__WHAT YOU HAVE TO DO__
Beginning with the line of the entries below that holds "One 1959 Franklin" and ending with the line that holds "Read moreA woman", transcribe each line exactly as written. Pictures stay out.

───── DATA TO USE ─────

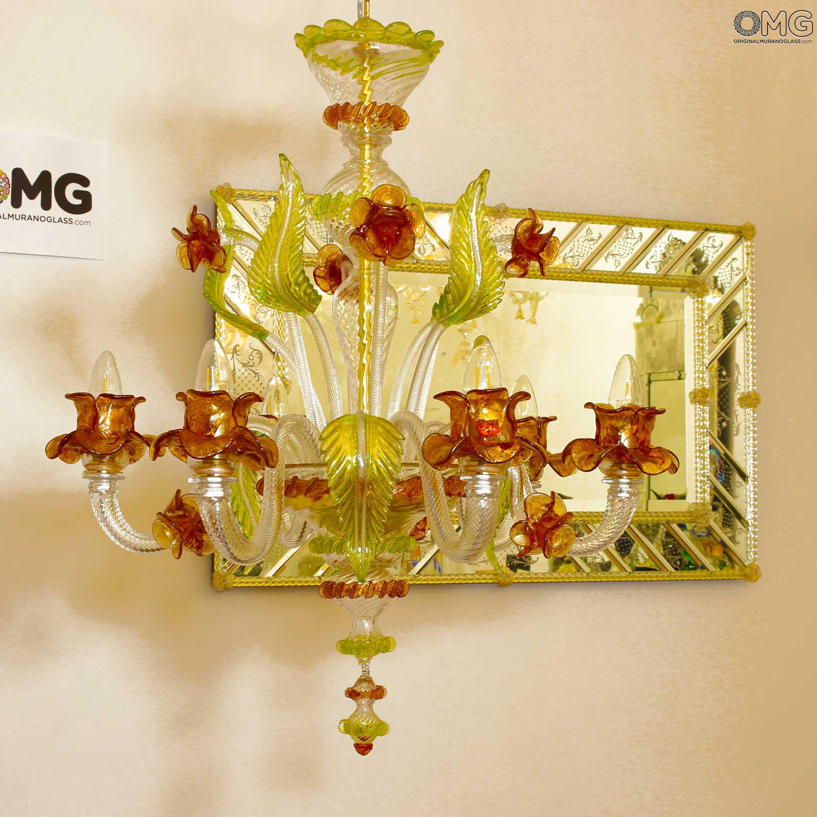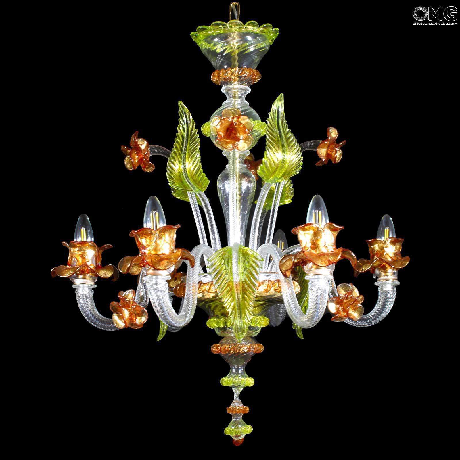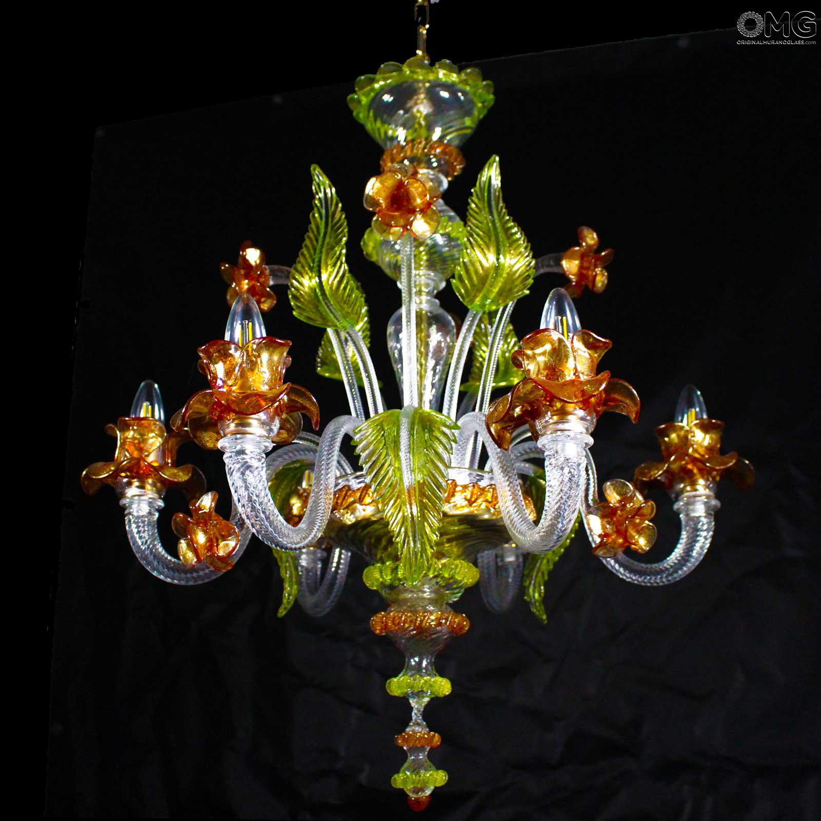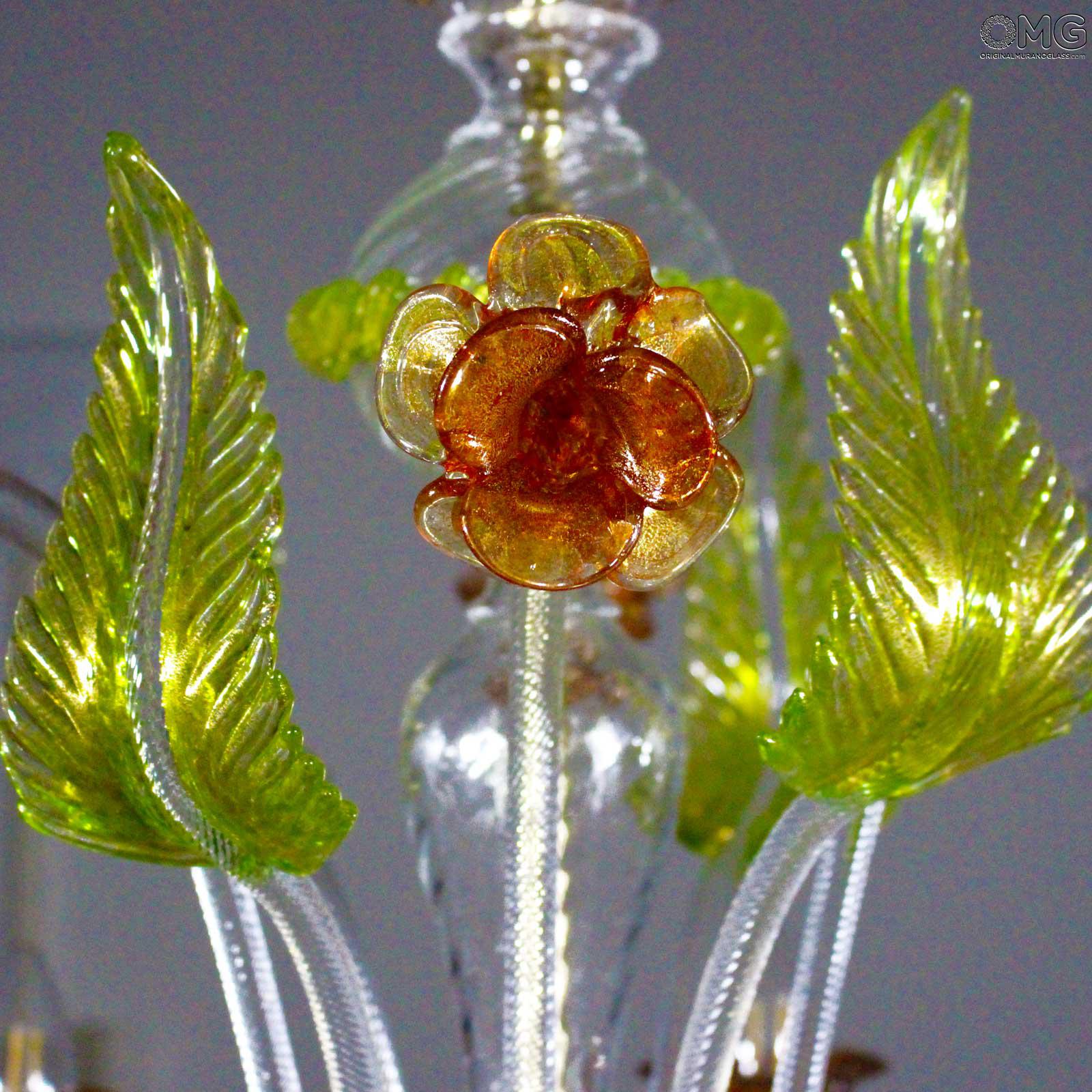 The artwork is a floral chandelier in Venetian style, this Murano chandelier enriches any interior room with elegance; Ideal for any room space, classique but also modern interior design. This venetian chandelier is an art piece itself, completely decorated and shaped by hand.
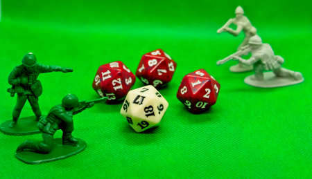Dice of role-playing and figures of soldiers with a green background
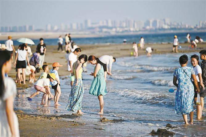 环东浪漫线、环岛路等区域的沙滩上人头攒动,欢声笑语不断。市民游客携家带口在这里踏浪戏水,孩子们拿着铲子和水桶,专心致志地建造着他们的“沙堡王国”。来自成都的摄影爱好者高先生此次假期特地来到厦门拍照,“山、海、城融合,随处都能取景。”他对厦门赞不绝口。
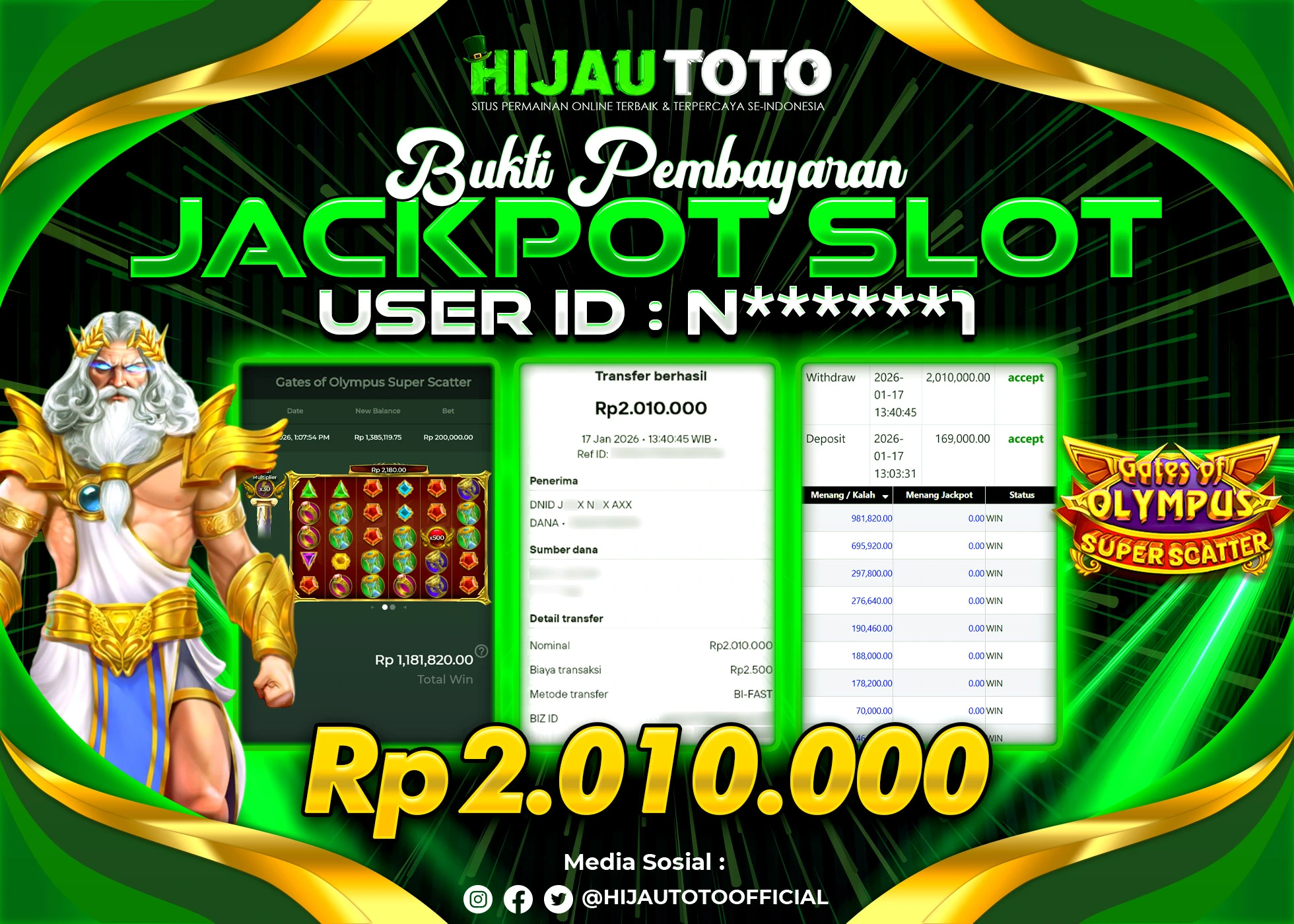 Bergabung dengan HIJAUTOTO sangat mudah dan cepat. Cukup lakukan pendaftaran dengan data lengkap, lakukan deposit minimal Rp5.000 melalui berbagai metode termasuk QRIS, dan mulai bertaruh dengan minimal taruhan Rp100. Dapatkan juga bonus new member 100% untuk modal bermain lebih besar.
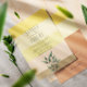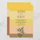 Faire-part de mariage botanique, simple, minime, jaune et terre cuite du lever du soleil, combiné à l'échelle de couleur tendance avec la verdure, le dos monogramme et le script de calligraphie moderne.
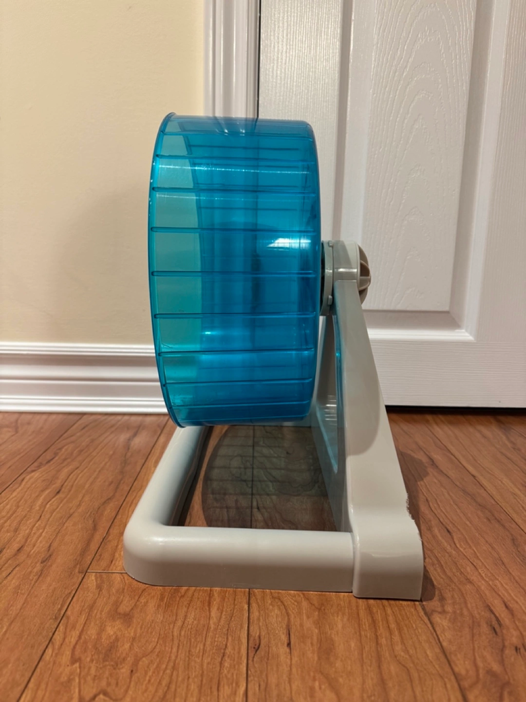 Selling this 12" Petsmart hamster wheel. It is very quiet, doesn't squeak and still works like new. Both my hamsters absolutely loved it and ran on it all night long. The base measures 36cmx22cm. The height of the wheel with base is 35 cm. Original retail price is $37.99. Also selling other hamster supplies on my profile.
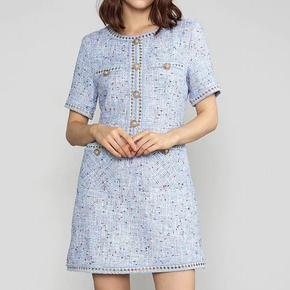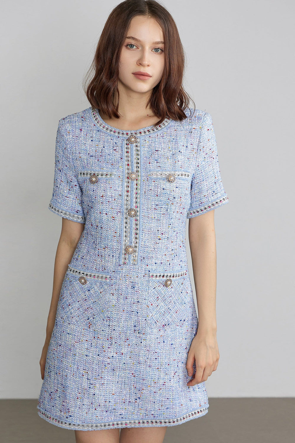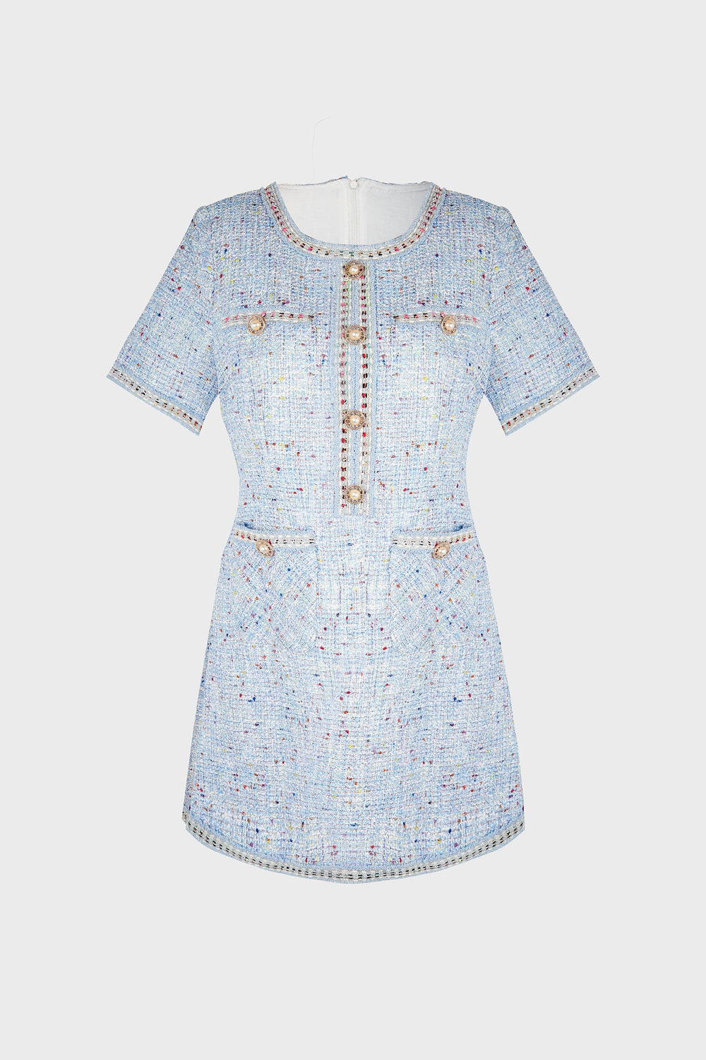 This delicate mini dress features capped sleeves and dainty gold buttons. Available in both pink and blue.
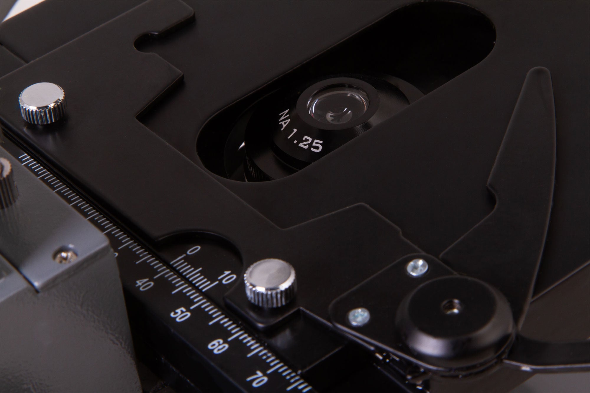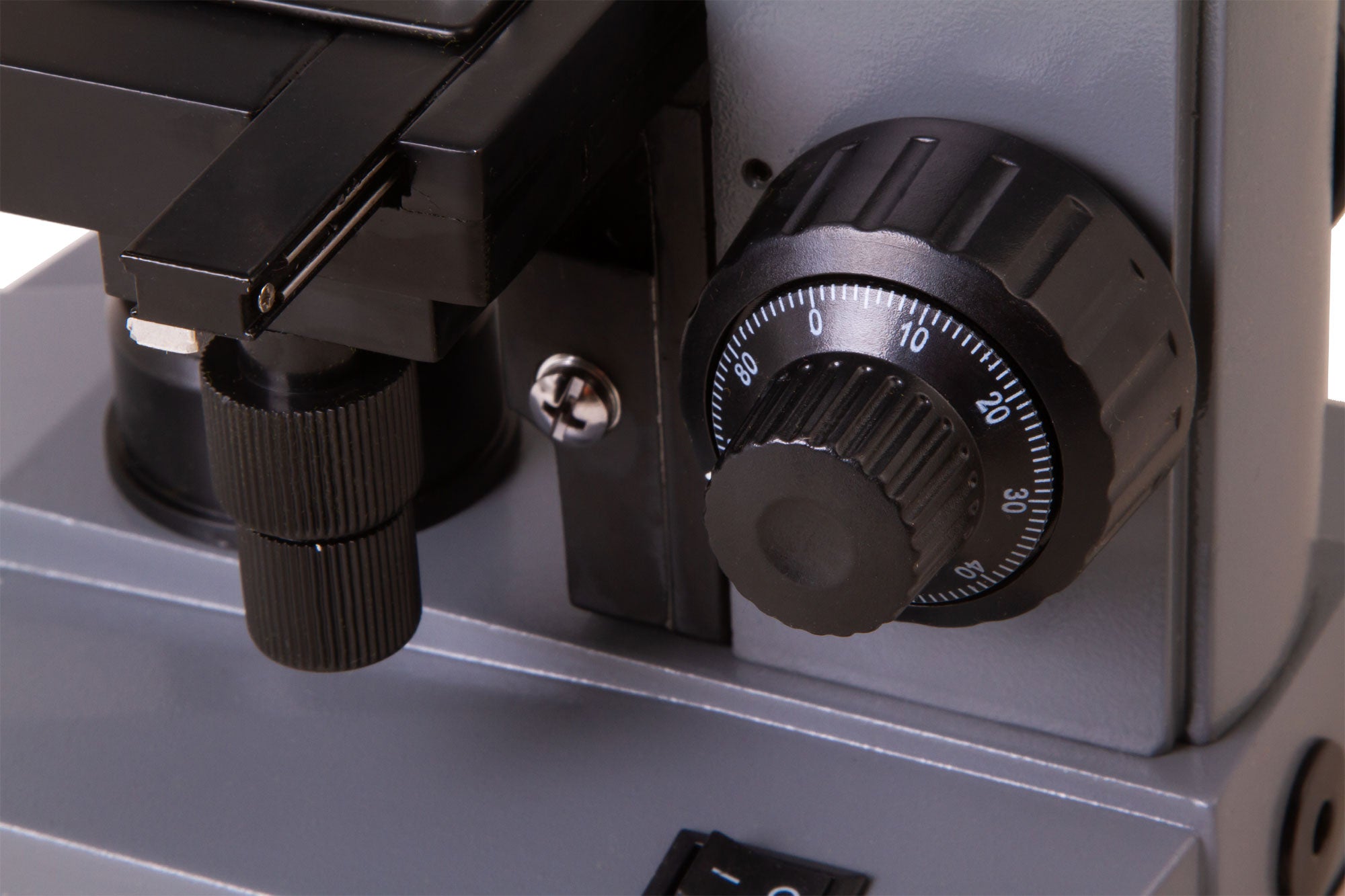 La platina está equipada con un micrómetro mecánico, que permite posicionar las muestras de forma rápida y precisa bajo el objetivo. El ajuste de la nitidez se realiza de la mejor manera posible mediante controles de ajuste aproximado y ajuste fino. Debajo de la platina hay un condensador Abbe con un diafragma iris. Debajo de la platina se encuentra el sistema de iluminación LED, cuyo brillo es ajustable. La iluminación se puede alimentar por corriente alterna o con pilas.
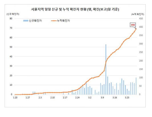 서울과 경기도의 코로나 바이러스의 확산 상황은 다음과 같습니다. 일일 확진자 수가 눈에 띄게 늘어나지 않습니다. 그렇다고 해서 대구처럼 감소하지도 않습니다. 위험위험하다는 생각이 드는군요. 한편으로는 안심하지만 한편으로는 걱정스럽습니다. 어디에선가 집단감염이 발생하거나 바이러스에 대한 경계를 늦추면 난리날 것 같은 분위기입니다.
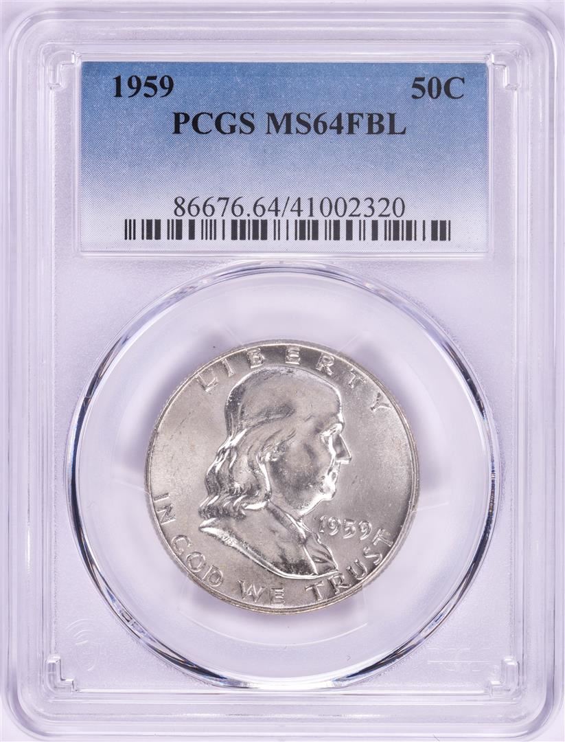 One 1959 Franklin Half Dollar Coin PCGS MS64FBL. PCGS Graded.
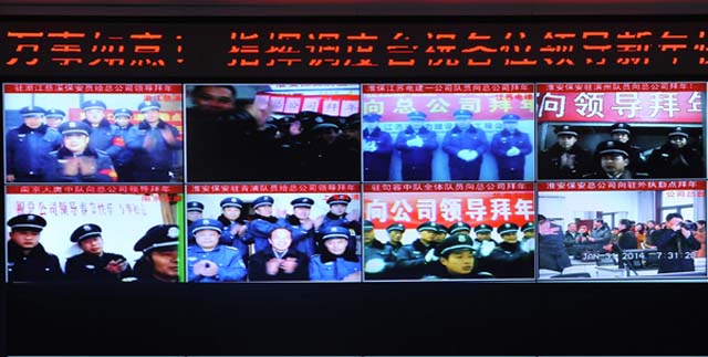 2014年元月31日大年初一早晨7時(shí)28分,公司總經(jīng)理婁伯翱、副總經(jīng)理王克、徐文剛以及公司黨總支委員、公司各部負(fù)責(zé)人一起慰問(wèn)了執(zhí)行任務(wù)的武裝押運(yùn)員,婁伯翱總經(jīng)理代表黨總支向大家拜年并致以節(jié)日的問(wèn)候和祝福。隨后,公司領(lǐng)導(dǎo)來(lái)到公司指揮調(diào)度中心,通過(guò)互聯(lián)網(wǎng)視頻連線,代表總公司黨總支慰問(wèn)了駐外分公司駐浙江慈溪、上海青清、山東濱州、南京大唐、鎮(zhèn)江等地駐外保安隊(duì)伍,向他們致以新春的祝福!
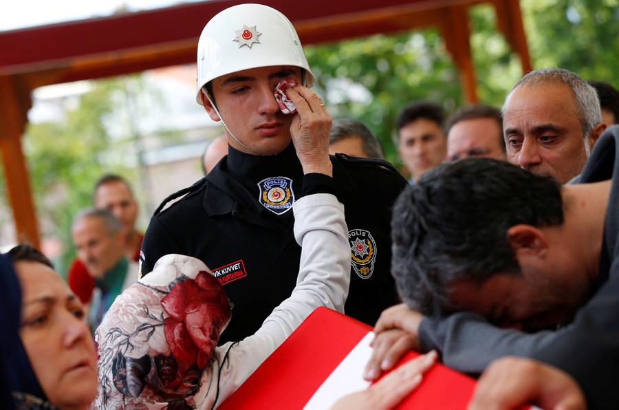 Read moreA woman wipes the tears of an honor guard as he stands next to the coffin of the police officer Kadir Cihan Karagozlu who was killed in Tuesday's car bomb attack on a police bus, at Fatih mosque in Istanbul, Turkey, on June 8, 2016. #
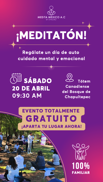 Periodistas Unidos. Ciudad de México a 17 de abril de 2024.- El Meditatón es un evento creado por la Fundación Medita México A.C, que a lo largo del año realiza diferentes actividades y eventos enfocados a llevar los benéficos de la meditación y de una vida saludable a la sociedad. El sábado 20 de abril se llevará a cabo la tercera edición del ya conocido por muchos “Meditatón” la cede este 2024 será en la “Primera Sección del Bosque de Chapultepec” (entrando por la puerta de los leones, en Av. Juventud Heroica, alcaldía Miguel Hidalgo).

─────

__PROBLEM SOLUTION__
 One 1959 Franklin Half Dollar Coin PCGS MS64FBL. PCGS Graded.
 2014年元月31日大年初一早晨7時(shí)28分,公司總經(jīng)理婁伯翱、副總經(jīng)理王克、徐文剛以及公司黨總支委員、公司各部負(fù)責(zé)人一起慰問(wèn)了執(zhí)行任務(wù)的武裝押運(yùn)員,婁伯翱總經(jīng)理代表黨總支向大家拜年并致以節(jié)日的問(wèn)候和祝福。隨后,公司領(lǐng)導(dǎo)來(lái)到公司指揮調(diào)度中心,通過(guò)互聯(lián)網(wǎng)視頻連線,代表總公司黨總支慰問(wèn)了駐外分公司駐浙江慈溪、上海青清、山東濱州、南京大唐、鎮(zhèn)江等地駐外保安隊(duì)伍,向他們致以新春的祝福!
 Read moreA woman wipes the tears of an honor guard as he stands next to the coffin of the police officer Kadir Cihan Karagozlu who was killed in Tuesday's car bomb attack on a police bus, at Fatih mosque in Istanbul, Turkey, on June 8, 2016. #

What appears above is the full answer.